▶ _The task_
Starting with the line that contains "Two Seattle homeowners", copy each line exactly through the end of the listing, and omit all pictures.

▶ _Dataset entries_
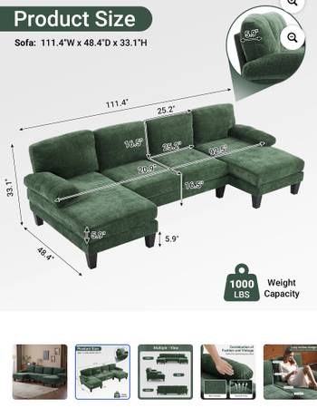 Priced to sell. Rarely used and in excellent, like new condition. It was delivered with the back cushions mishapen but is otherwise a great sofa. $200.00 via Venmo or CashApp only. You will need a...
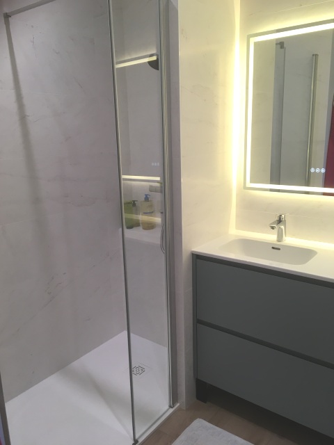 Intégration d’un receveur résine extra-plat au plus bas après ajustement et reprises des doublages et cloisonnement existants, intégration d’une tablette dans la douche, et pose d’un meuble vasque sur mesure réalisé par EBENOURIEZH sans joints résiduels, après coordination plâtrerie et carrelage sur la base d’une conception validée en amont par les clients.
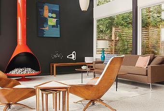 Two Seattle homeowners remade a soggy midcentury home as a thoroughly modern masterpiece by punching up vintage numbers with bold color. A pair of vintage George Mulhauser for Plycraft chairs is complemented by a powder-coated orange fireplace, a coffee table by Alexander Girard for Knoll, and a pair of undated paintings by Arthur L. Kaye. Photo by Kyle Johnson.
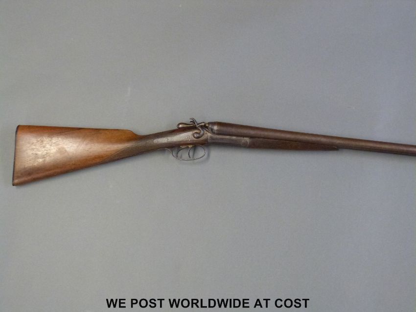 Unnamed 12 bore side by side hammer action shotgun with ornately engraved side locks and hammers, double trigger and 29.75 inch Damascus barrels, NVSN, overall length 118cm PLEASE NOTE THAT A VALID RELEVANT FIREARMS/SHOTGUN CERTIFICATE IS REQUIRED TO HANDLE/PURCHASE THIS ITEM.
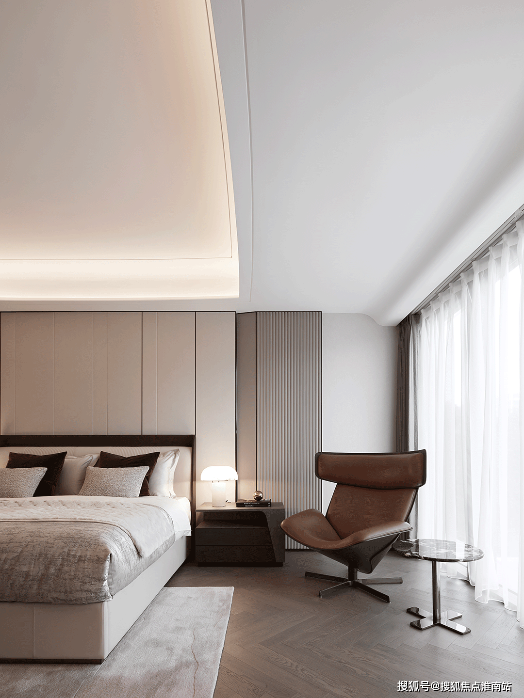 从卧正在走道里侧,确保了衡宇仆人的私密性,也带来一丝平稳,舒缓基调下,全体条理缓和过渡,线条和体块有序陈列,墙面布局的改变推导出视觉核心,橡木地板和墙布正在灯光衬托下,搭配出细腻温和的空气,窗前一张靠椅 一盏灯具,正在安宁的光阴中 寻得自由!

▶ _Finished exercise_
 Two Seattle homeowners remade a soggy midcentury home as a thoroughly modern masterpiece by punching up vintage numbers with bold color. A pair of vintage George Mulhauser for Plycraft chairs is complemented by a powder-coated orange fireplace, a coffee table by Alexander Girard for Knoll, and a pair of undated paintings by Arthur L. Kaye. Photo by Kyle Johnson.
 Unnamed 12 bore side by side hammer action shotgun with ornately engraved side locks and hammers, double trigger and 29.75 inch Damascus barrels, NVSN, overall length 118cm PLEASE NOTE THAT A VALID RELEVANT FIREARMS/SHOTGUN CERTIFICATE IS REQUIRED TO HANDLE/PURCHASE THIS ITEM.
 从卧正在走道里侧,确保了衡宇仆人的私密性,也带来一丝平稳,舒缓基调下,全体条理缓和过渡,线条和体块有序陈列,墙面布局的改变推导出视觉核心,橡木地板和墙布正在灯光衬托下,搭配出细腻温和的空气,窗前一张靠椅 一盏灯具,正在安宁的光阴中 寻得自由!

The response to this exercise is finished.